Website Instagram @elsa_mbala References
Earlier episodes referenced: “Lower Frequencies” (Feb 2023) and “Mit und gegen das Archiv” (Feb 2025)
Mendi + Keith Obadike (blacksoundart.com) awarded the first Ogene Art Prize to Elsa M’Bala in 2021 (press release)
On Performance-parcours Eigensinnige Leben
The performance-parcours Eigensinnige Leben. Eine Performance auf den Spuren Schwarzer Aktivist:innen im Berlin des frühen 20. Jahrhunderts [A performance tracing the footsteps of Black activists in early 20th-century Berlin], premiered in September 2021 in Berlin’s Treptower Park.
Concept and Script: Joel Vogel and Vincent Bababoutilabo, Performers: Elsa M’Bala, Jeanne-Ange Wagne, Maïmouna Coulibaly, Mmakgosi Kgabi, Osman Osman, Rebecca Korang, Serge Fouha.
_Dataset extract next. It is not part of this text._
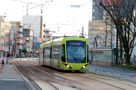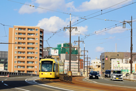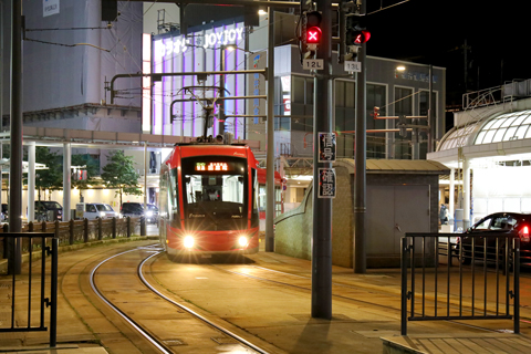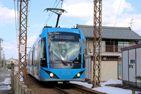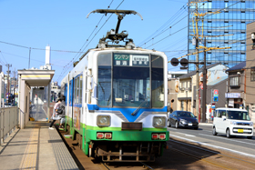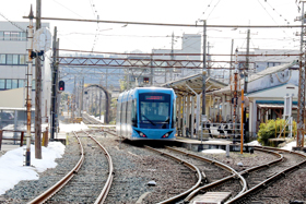 停留場までの0.7km(通称ヒゲ線)が道路上を走る併用軌道区間となっている。
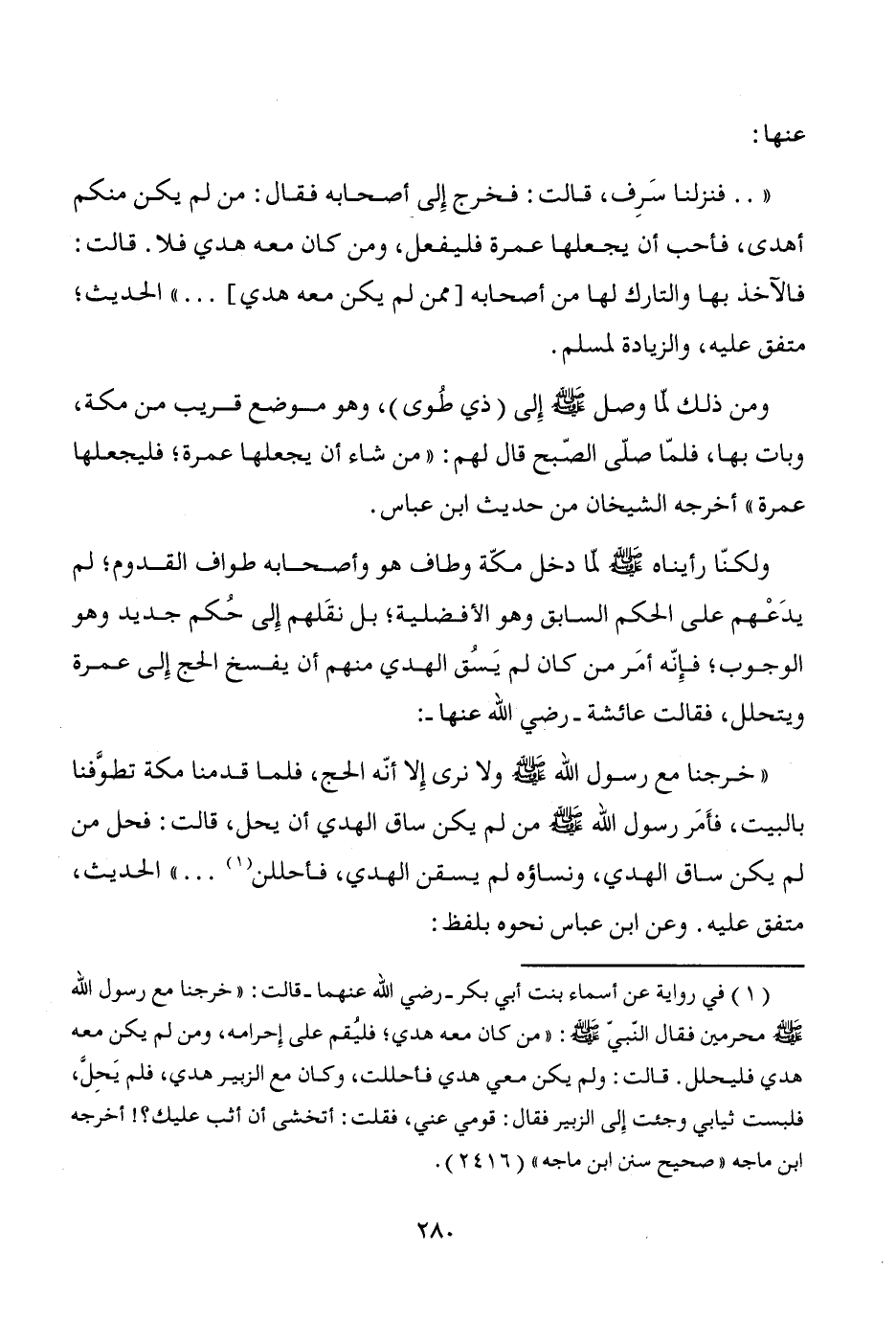 "خرجنا مع رسول الله - صَلَّى اللَّهُ عَلَيْهِ وَسَلَّمَ - ولا نرى إِلا أنّه الحج، فلما قدمنا مكة تطوَّفنا بالبيت، فأَمَر رسول الله - صَلَّى اللَّهُ عَلَيْهِ وَسَلَّمَ - من لم يكن ساق الهدي أن يحل، قالت: فحل من لم يكن ساق الهدي، ونساؤه لم يسقن الهدي، فأحللن (¬1)." الحديث، متفق عليه. وعن ابن عباس نحوه بلفظ:

Find the 10 min video essay and texts (in German by historian Laura Frey) on early 20th century Black activist in Berlin such as Martin Quane a Dibobe, Bernard Epassi, Joseph Bohinge Boholle or Maria Diop (née Bell) and on Afrikanischer Hilfsverein and Liga zur Verteidigung der N*rasse on the project website.
Eigensinnige Leben was preceded by decolonial audio walk zurückERZÄHLT (premiered in 2020 in German, available also in French and German since 2021), which tells the stories of 106 children, women and men from the former colonies who worked as contract workers to the colonial exhibition in Treptower Park in the summer of 1896. (English website)
The audio walk is based on historical research by Laura Frey, Yacine Riebel, Mihir Sharma and Joel Vogel which drew partly on the findings in the ongoing, permanent bilingual exhibition zurückgeschaut | looking back at Museum Treptow (information)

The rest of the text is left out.